▶ EXERCISE DESCRIPTION:
Pictures in the listing do not belong in the copy, which should repeat exactly the lines from the one holding "Tomohon, kota-tomohon.kpu.go.id - Satuan" through the last line.

____

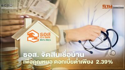 ธอส. จัดสินเชื่อบ้านเพื่อคุณหมอ ดอกเบี้ยต่ำเพียง 2.39%
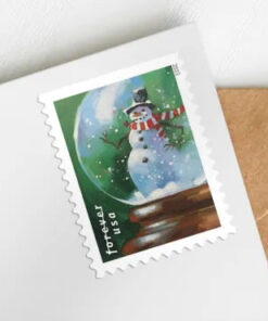 The new Snow Globes stamps were designed by the renowned artist Gregory Manchess. who employed oil paint to capture the magical essence of Christmas within four distinct scenes. The stamps feature a snowman. Santa Claus perched on a chimney. a magnificent deer. and a Christmas tree.
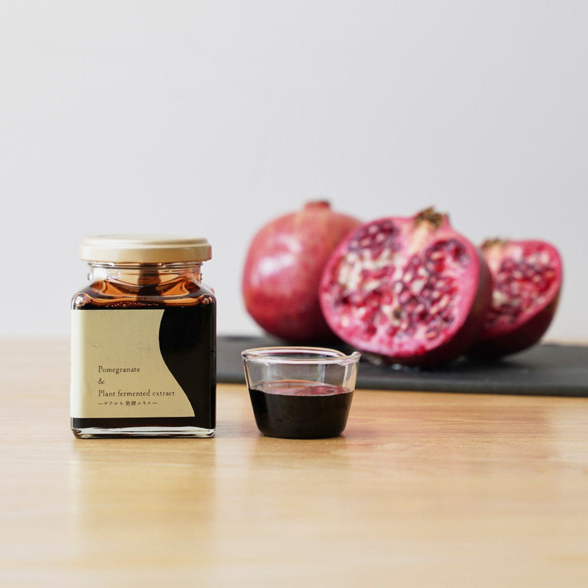 ザクロペースト(国内製造)、植物発酵エキス(黒糖、キャベツ、大根、その他)、(一部にくるみ・アーモンド・オレンジ・カシューナッツ・キウイフルーツ・ごま・バナナ・やまいも・りんごを含む)
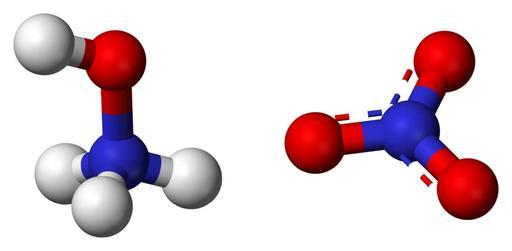 MAKE A MEME View Large Image Hydroxylammonium-nitrate-3D-balls-ionic.png Ball-and-stick model of the hydroxylammonium nitrate molecule the hydroxylamine salt of nitric acid which is being developed as a potential rocket fuel Showing two hydroxylammonium ions and one ...
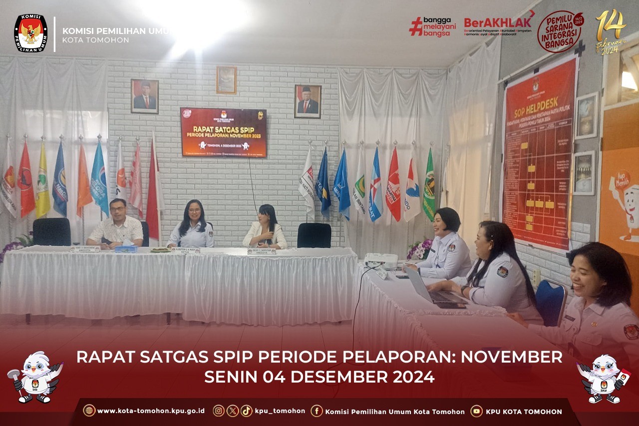 Tomohon, kota-tomohon.kpu.go.id - Satuan Tugas (Satgas) Sistem Pengendalian Internal Pemerintah (SPIP) KPU Kota Tomohon gelar Rapat untuk membahas pelaporan kartu kendali periode bulan November Tahun 2023 di Ruang Rapat Kantor KPU Kota Tomohon pada Senin, 4 Desember 2023.
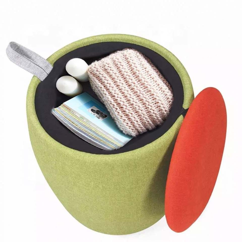 ผ้าฝ้ายและผ้าลินินสตูลห้องนอนโฮมออฟฟิศรอบม้านั่งเก็บพร้อมฝาปิดแบบเคลื่อนย้ายได้ Taburete de almacenamiento
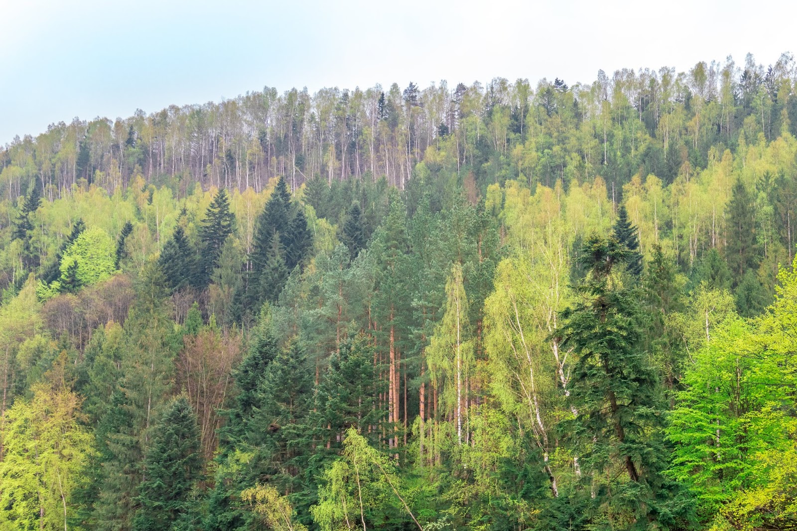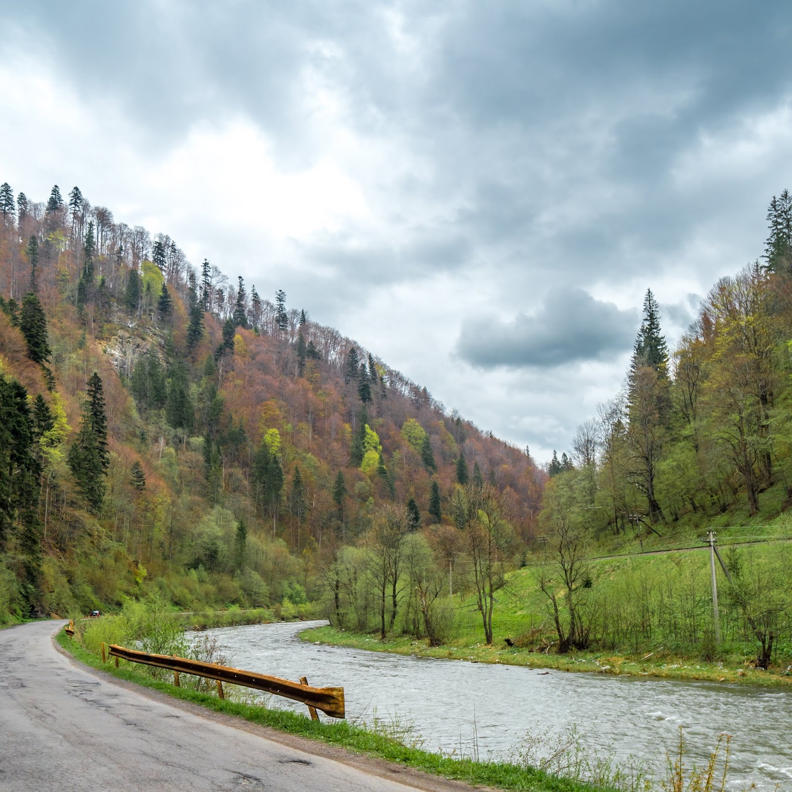 Стена из гор в Яремче почти отвесная, но это не голые камни. Горы покрыты красивейшим смешанным лиственно-хвойным лесом.

____

▶ SOLUTION FOR THIS EXERCISE:
 Tomohon, kota-tomohon.kpu.go.id - Satuan Tugas (Satgas) Sistem Pengendalian Internal Pemerintah (SPIP) KPU Kota Tomohon gelar Rapat untuk membahas pelaporan kartu kendali periode bulan November Tahun 2023 di Ruang Rapat Kantor KPU Kota Tomohon pada Senin, 4 Desember 2023.
 ผ้าฝ้ายและผ้าลินินสตูลห้องนอนโฮมออฟฟิศรอบม้านั่งเก็บพร้อมฝาปิดแบบเคลื่อนย้ายได้ Taburete de almacenamiento
 Стена из гор в Яремче почти отвесная, но это не голые камни. Горы покрыты красивейшим смешанным лиственно-хвойным лесом.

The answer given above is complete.